Please retype the data in full and exactly; the pictures are not part of the copy.

MATERIAL PROVIDED:
--- --- ---
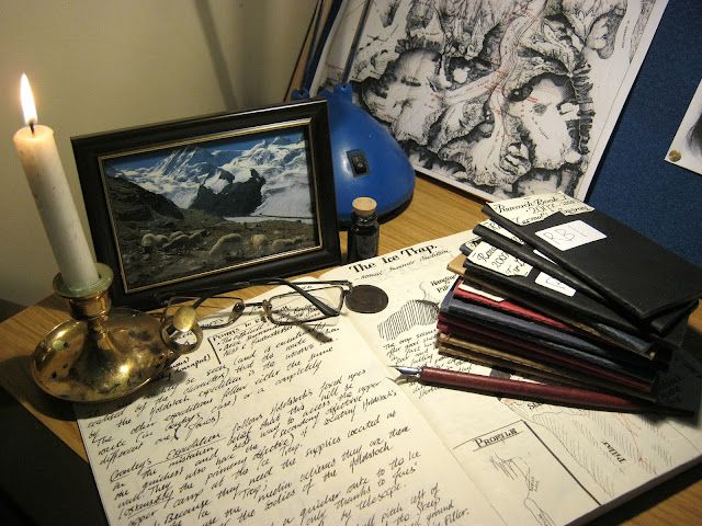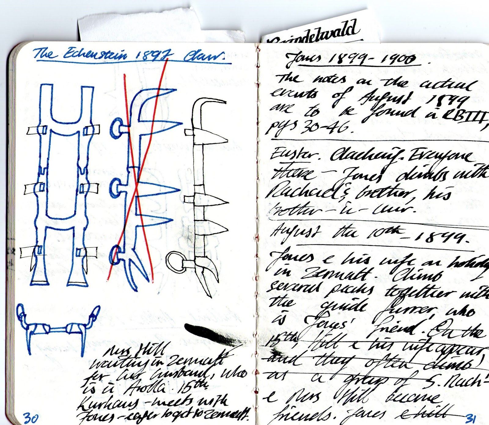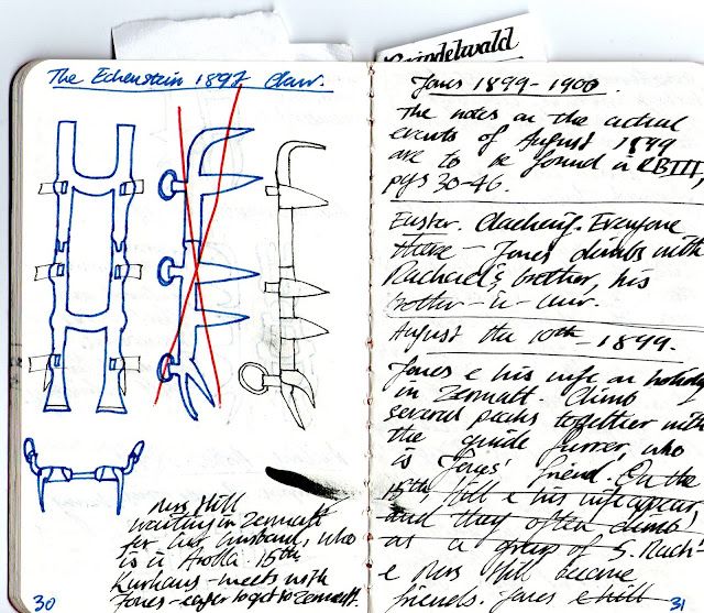 | Notes taken in 2010 during my trip to Grindelwald. Left is a sketch for the 1897 Eckenstein ice claw; right are some of my initial ideas for a future novel. |
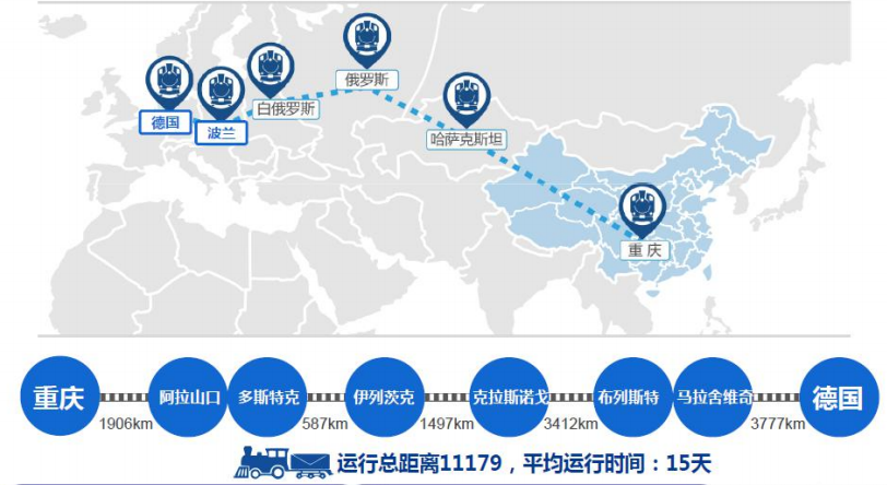英文名:Eurasia International Railway 始发站:中国重庆 终到站:德国杜伊斯堡 运营公司:中国铁路总公司等 全 长:11179公里 作 用:提升我国企业在欧盟市场的竞争力
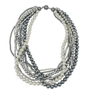 Multi Strand Beaded Faux Pearl Choker Necklace Gray White 16"
--- --- ---
RESPONSE AREA:
 | Notes taken in 2010 during my trip to Grindelwald. Left is a sketch for the 1897 Eckenstein ice claw; right are some of my initial ideas for a future novel. |
英文名:Eurasia International Railway 始发站:中国重庆 终到站:德国杜伊斯堡 运营公司:中国铁路总公司等 全 长:11179公里 作 用:提升我国企业在欧盟市场的竞争力
 Multi Strand Beaded Faux Pearl Choker Necklace Gray White 16"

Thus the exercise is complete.